Zollunion vorantreiben

Dass die Interessen Erdoğans gänzlich anders gelagert sind als die der Europäischen Union, liegt auf der Hand. "Es wird darum gehen, Erwartungs-Management zu betreiben", drückt es ein hochrangiger EU-Offizieller aus, angesichts der Wünsche, die Ankara vorbringen wird.
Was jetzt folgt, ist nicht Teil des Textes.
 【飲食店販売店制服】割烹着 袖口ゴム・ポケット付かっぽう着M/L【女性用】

Die türkische Seite hätte von der EU gerne die klare Botschaft, dass die Verhandlungen über eine Ausweitung der Zollunion beginnen werden, sagt die Politikexpertin Amanda Paul von der Denkfabrik European Policy Center (epc) im Interview mit dem ARD-Studio Brüssel.

Mildere Töne

Es war die Bundesregierung, die nach der Verhaftung zahlreicher EU-Bürger im vergangenen Jahr erklärt hatte, ein Abschleifen von Handelsschranken komme derzeit nicht in Frage. Und es sieht nicht danach aus, als würde sich hier etwas bewegen. Dennoch ist offensichtlich, dass Präsident Erdoğan auch wegen des großen türkischen Interesses an einer verbesserten Zollunion sich um ein besseres Verhältnis zur EU bemüht und seine berüchtigten Verbalattacken zurückgefahren hatte.  
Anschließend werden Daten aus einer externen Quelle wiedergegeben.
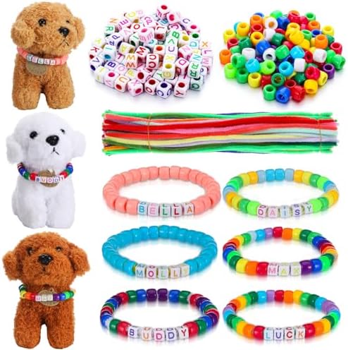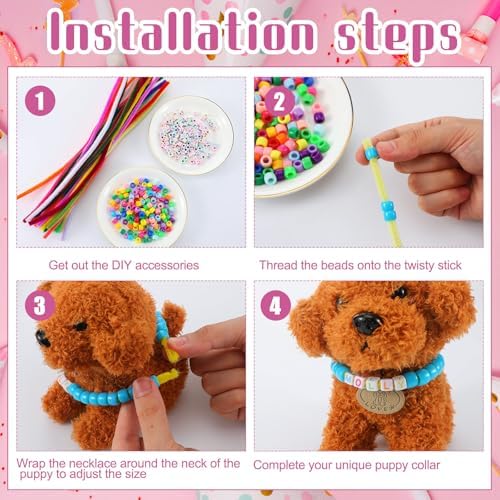 1040 Pcs Adopt a Puppy Pet Party Favors Puppy Adoption Party Supplies Make Your Own Dog Collar Necklace Kit with Beads for Pet Birthday DIY Craft

Visa-Freiheit bleibt Hängepartie

Auf der türkischen Wunschliste ebenfalls ganz oben steht - seit langem - das Thema Visa-Freiheit. Wie EU-Diplomaten dem ARD-Studio Brüssel bestätigen, übergab Ankara der EU-Kommission vor Wochen ein Schreiben, in dem es darlegt, wie es nun bald die noch ausstehenden Bedingungen dafür erfüllen will. Womit die Türkei den Druck auf Brüssel erhöht. Schnelle Fortschritte erwartet indes auch hier niemand. Schon gar nicht auf dem Spitzentreffen in Warna. Die Gefahr, dass dies ein Gipfel der enttäuschten Erwartungen wird, ist also durchaus gegeben. Wobei das Spitzentreffen allerdings auch das beiderseitige Eingeständnis ist, dass man einander braucht. Und daher gar nicht anders kann, als im Gespräch zu bleiben.